(Material to process):
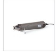
Heat Tool (Us And Canada) 129053
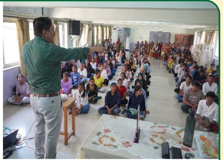
Career Guidance Camp
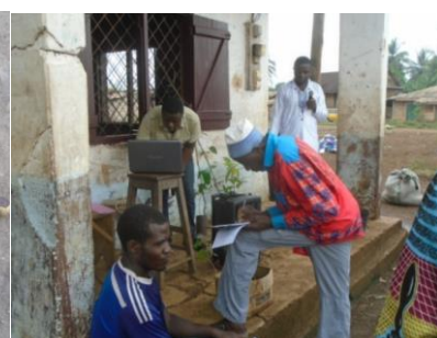
NTFP Nusery Harmonising Non Timber Forest products in to farming Systems.
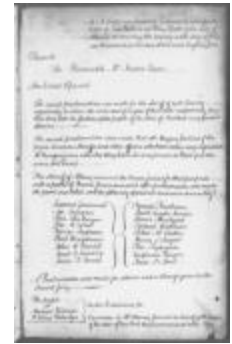
Engrossed minutes of the Supreme Court of Judicature, July 1785 (NYSA_JN531-17_R006_1785-07-26)
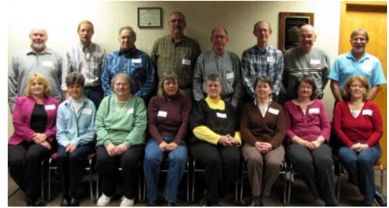
CEC's 2010-2011 MAAC Committee
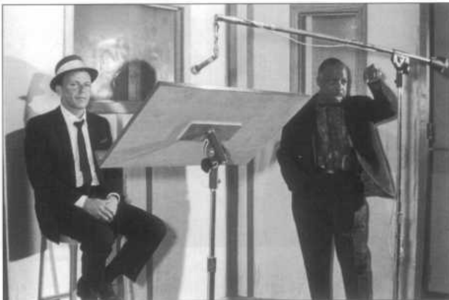
Frank Sinatra with Count Basie, October 1962. From the Collection of Charles Granata.
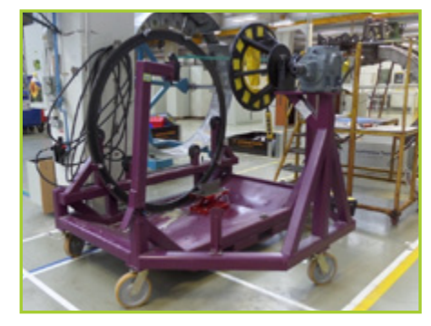
MOBILE STEEL ENGINE STAND
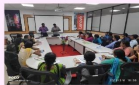
Workshop at Lenovo
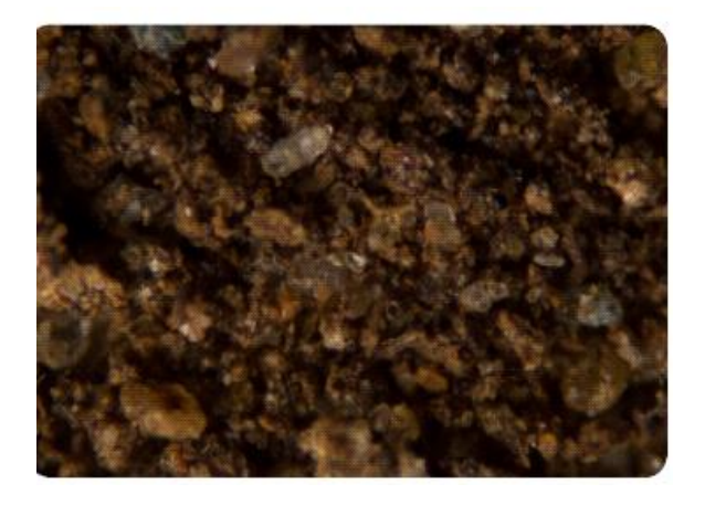
Figure 3: Sand grains as observed under 40x
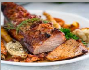
Roasted pork loin
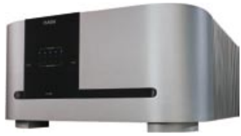
CA-5200 POWER AMPLIFIER

The two stereo amplifiers, CA-2100 and CA-2200, are rated at 100W and 200W per channel at 8 \Omega , respectively. The CA-2100 establishes a new entry-level Classé performance benchmark while the CA-2200 is simply our best stereo amplifier.
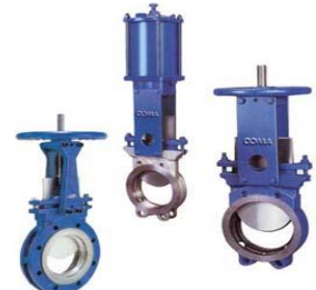
Knife Edge Gate
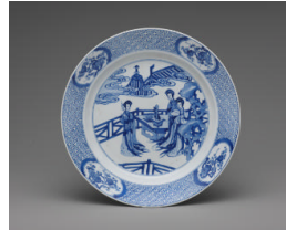
Title: Plate (One of a Set of Four) Date: 1662–1722 Primary Maker: Chinese, Qing Dynasty (1644–1911) Medium: Hard-paste porcelain with underglaze blue Dimensions: 1 5/8 x 10 1/4 in. (4.1 x 26.1 cm)
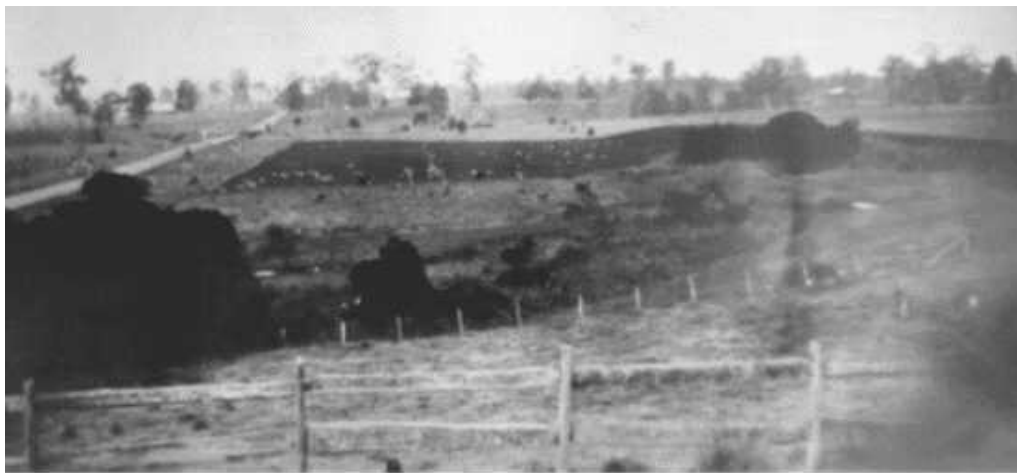
Plate 9.5-6: Caboolture – 1931 - View south from the present Elliot St over the present Centenary Lakes/Caboolture Sports Centre area. Morayfield road on left. Top: Flood, January. Bottom: No flood, 5 February, 1 pm
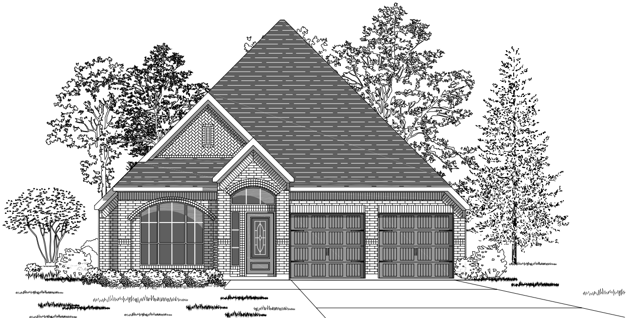
Design 2267W E-53 Includes Large Front Porch
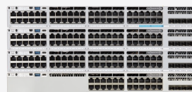
Cisco Catalyst 9300LM Series Fixed Uplinks Models
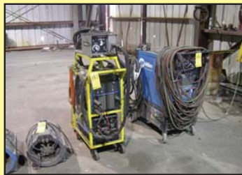
VIEW OF WELDERS
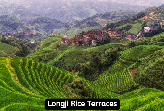
Longji Rice Terraces
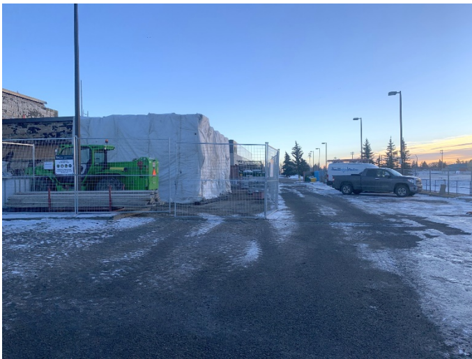
New Exterior Stairs - hoarding
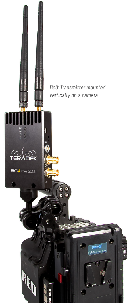
Bolt Transmitter mounted vertically on a camera
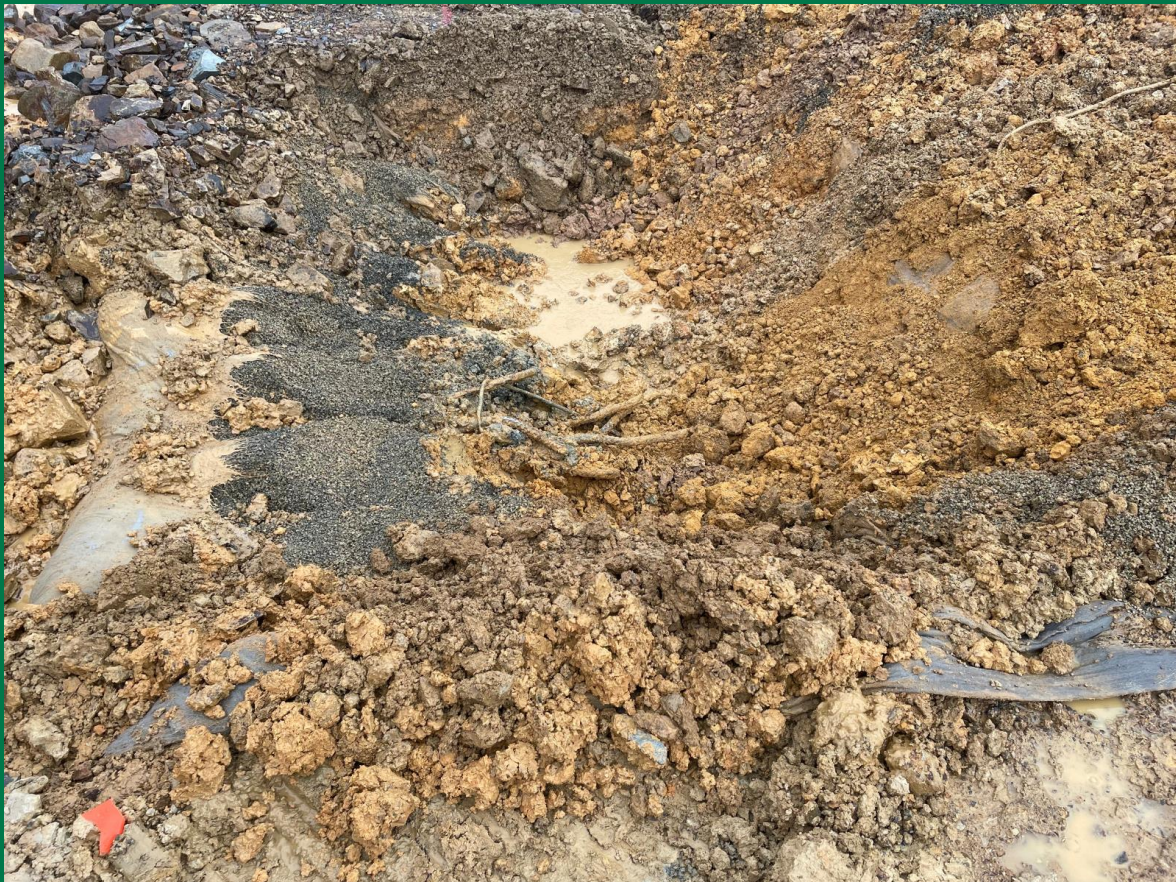
Existing piles at block A

(What the exercise asks):
Exact repetition of the material above is required, with the images removed.

(Finished exercise):
Heat Tool (Us And Canada) 129053
Career Guidance Camp
NTFP Nusery Harmonising Non Timber Forest products in to farming Systems.
Engrossed minutes of the Supreme Court of Judicature, July 1785 (NYSA_JN531-17_R006_1785-07-26)
CEC's 2010-2011 MAAC Committee
Frank Sinatra with Count Basie, October 1962. From the Collection of Charles Granata.
MOBILE STEEL ENGINE STAND
Workshop at Lenovo
Figure 3: Sand grains as observed under 40x
Roasted pork loin
CA-5200 POWER AMPLIFIER

The two stereo amplifiers, CA-2100 and CA-2200, are rated at 100W and 200W per channel at 8 \Omega , respectively. The CA-2100 establishes a new entry-level Classé performance benchmark while the CA-2200 is simply our best stereo amplifier.
Knife Edge Gate
Title: Plate (One of a Set of Four) Date: 1662–1722 Primary Maker: Chinese, Qing Dynasty (1644–1911) Medium: Hard-paste porcelain with underglaze blue Dimensions: 1 5/8 x 10 1/4 in. (4.1 x 26.1 cm)
Plate 9.5-6: Caboolture – 1931 - View south from the present Elliot St over the present Centenary Lakes/Caboolture Sports Centre area. Morayfield road on left. Top: Flood, January. Bottom: No flood, 5 February, 1 pm
Design 2267W E-53 Includes Large Front Porch
Cisco Catalyst 9300LM Series Fixed Uplinks Models
VIEW OF WELDERS
Longji Rice Terraces
New Exterior Stairs - hoarding
Bolt Transmitter mounted vertically on a camera
Existing piles at block A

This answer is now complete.